I have read that women over 35 have a higher chance of having fraternal twins. So, if that's the case then MAYBE I was one of those women with two embryos. And maybe I lost one but still am carrying one.

Also, T. has said that if I want to try again that we can.

I have a lot to think about.

And I still cling to a shred of hope that the ultrasound will show me that I still have a baby to be born even though, logically, I think it's over.

I'm sorry, baby.

I never got to know you.

Sleep

I was very tired yesterday.

I had a hard time getting to sleep Monday night and Tuesday I had a headache and was nauseous all day.

It was "Fun Fair" at Little Man's school last night so I laid down for a nap before we went and I was solidly asleep. When T. came to wake me, he really scared me because I was so deeply asleep.

I went to bed last night at 10 p.m. and was right out almost immediately. Was woken up by a late-night call from H. about some confidential matters and then was back asleep again until 7:30 this morning.

Have a lesser headache today, on the left side of my head rather than my more intense headache on my right side yesterday.

At a cracker in bed before I got up.

Have kind of a metallic taste in my mouth, even after brushing my teeth this morning...

Working today, for 3 hrs. Hope all goes well.

T. is making me some peppermint tea to start off my morning.

Tuesday, June 9, 2009

Appointments

Dr. K. - July 13th at 2 p.m.

Pre-birth clinic at GRH - Aug 11th at 12:45 p.m. *must pick up paperwork beforehand*

Dr. C (OBGYN) - Aug 12th (must call and double-check the time)

Breakfast

Feeling a little nauseated this morning, but I think it is from my weather-related headache.

Am eating a banana and having some herbal peppermint tea.

Earlier I had 2 saltine crackers.

I am going to follow this with a slice of whole wheat toast.

The news

Yesterday I did 4 pregnancy tests.

The digital one had an error but the other 3 all showed faint 2nd lines.

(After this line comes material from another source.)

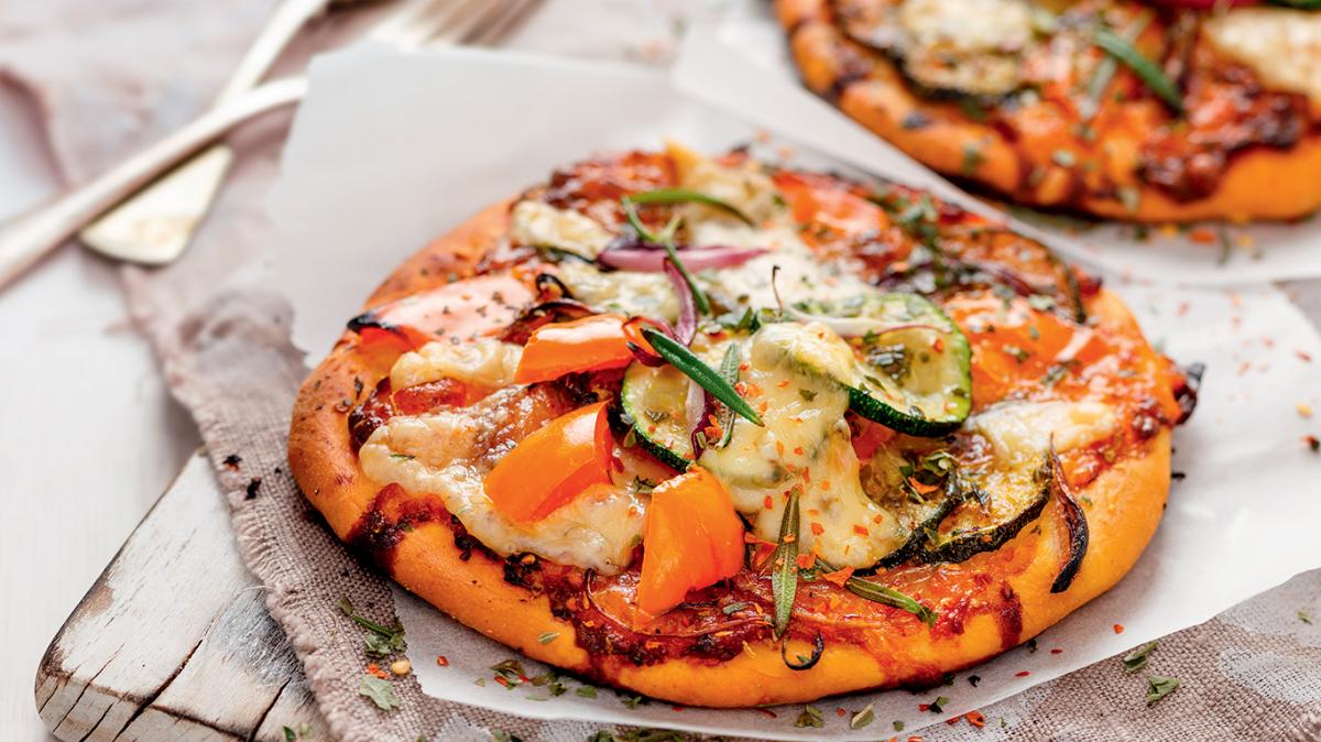 Блатовете се намазват с доматен сос, нареждат се тиквичките, чушките и отгоре – моцарела. Пекат се около 15 минути в загрята на 200 °С фурна.

And the boxes indicated that the 2nd line meant pregnancy.

Then I went to my DR and did another test.

Same result.

So here I am, pregnant at 36.

I'm happy, I'm scared, I'm hopeful.

Due to my age, my weight (259 lbs) and complications I had when I had my son almost 7 years ago, I am not sure what to think about it all.

My nerves make it advisable to try and stay calm and keep my thoughts in the middle of the road.

It's obviously early in my pregnancy. Judging by when I had my last period, and using cyclespages.com I was probably most fertile around May 21.

Now let's keep in mind that this pregnancy is a surprise. We were not planning on having another baby, even though we had the desire to, due to our ages and financial state but we had discussed if we ever were to be "surprised" that, so long as the DR felt it would be safe for me to continue a pregnancy that we would be parents again.

The strange thing is that I haven't "felt" pregnant whereas I have in the past very early on.

The only possible signs (that don't crossover into the PMS category) started on Saturday night/Sunday... an increased need to urinate with smaller amounts, major itchiness of the skin on my legs and stomach and sleep disorder/disruption.

Yes, my breasts have been a bit sore, but that's normal for me when I am expecting my period and I was having cramps (normal for me) as well as lower back cramps (abnormal unless it's during menstruation).

But much to my surprise, I am actually pregnant.

And I needed somewhere to write about this, but I've got this blog set so that only the authors can read it for now. Once I make it past the first trimester, then I can share this with the world.

For now though, there are people who know but not a lot (considering how many people I know) and though I'd like to excitedly shout this from the rooftops, I am trying to be cautiously optimistic and hopeful without being convinced that this will go the way I want it to.

My ideal outcome will be that I have a healthy, happy baby and that I am a healthy, happy Momma by the end of this pregnancy.

So, to my baby, I want you. I want you to nestle in, in the right spot, and start growing strong and healthy and no matter what may happen -- I love you.